微生物宏基因组学研究的是微生物群落中全部微生物的功能基因与其生存环境之间,以及与宿主之间的相互依存关系,也就是如何解释这些微生物“它们在干什么,从而能导致什么?”,或者反之,由于生存环境的特征而导致“它们在干什么?”的问题。
对菌群进行宏基因组测序是目前解决上述问题的最佳方案。但发明人发现这种研究方法投入成本相对较多,分析方法也相对复杂。
发明内容
根据本公开的一个或多个实施例的一个方面,提供一种微生物二代测序数据的宏基因组分析方法,其能够快速准确地分析不同宏基因组功能的基因丰度差异,且能够图形化展示分析结果。

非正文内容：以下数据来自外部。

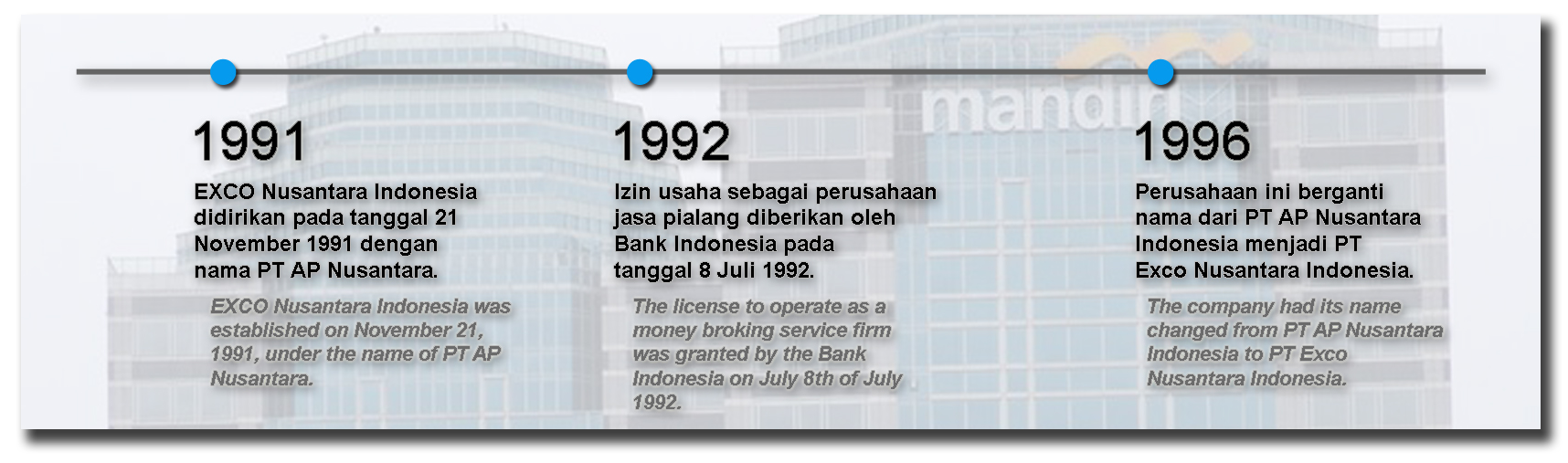 EXCO NUSANTARA INDONESIA was established on November 21, 1991 under the name of PT AP Nusantara Indonesia by the virtue of notarial deed Number 115 issued by Moendjiati Soegito, SH, Public Notary in jakarta. The approval from Minister of Justice was received on June 29th, 1992 under the letter of approval No. C2-52277 HT.01.01 Th92. The license to operate as a money broking service firm was granted by the Bank Indonesia on July 8th of July 1992 under the decree of the Bank Indonesia’s Board of Director No. 25/39/KEP/DIR. The company commenced operating on the very same day, the 8th of July 1992.

本公开的一个或多个实施例,提供的一种微生物二代测序数据的宏基因组分析方法,包括:
聚类微生物基因组二代测序数据,相似性高于预设阈值的微生物基因组序列聚类为一个OUT(operational taxonomic unit,操作分类单元),每个OTU对应一个微生物品种,生成OTUs表数据;
标准化处理OTUs表数据;
将标准化处理后的OTUs表数据映射到宏基因组功能;
统计分析不同宏基因组功能的基因丰度差异,并输出图形化分析结果。
在一个或多个实施例中,聚类微生物基因组二代测序数据之前,还包括:
从原始微生物基因组二代测序数据中提取barcode序列;
利用双向测序来识别所有barcode序列并组装成若干条完整的序列;
对完整的序列赋予唯一编号和样品归属信息。
在一个或多个实施例中,标准化处理OTUs表数据之前,还包括:
过滤掉丰度小于预设阈值的OUT。
在一个或多个实施例中,在将标准化处理后的OTUs表数据映射到宏基因组功能的过程中,将每个标准化处理后的OTU丰度乘以各预测功能性状的丰度,从而产生宏基因功能表;其中,行代表基因功能,列代表微生物品种。
本公开还提供了一种微生物二代测序数据的宏基因组分析系统,其能够快速准确地分析不同宏基因组功能的基因丰度差异,且能够图形化展示分析结果。
本公开的一种微生物二代测序数据的宏基因组分析系统,包括微生物二代测序数据采集装置、处理器和显示装置,所述处理器,包括:
聚类模块,其被配置为聚类微生物基因组二代测序数据,相似性高于预设阈值的微生物基因组序列聚类为一个OTU,每个OTU对应一个微生物品种,生成OTUs表数据;
标准化模块,其被配置为标准化处理OTUs表数据;
映射模块,其被配置为将标准化处理后的OTUs表数据映射到宏基因组功能;
分析模块,其被配置为统计分析不同宏基因组功能的基因丰度差异,并输出图形化分析结果。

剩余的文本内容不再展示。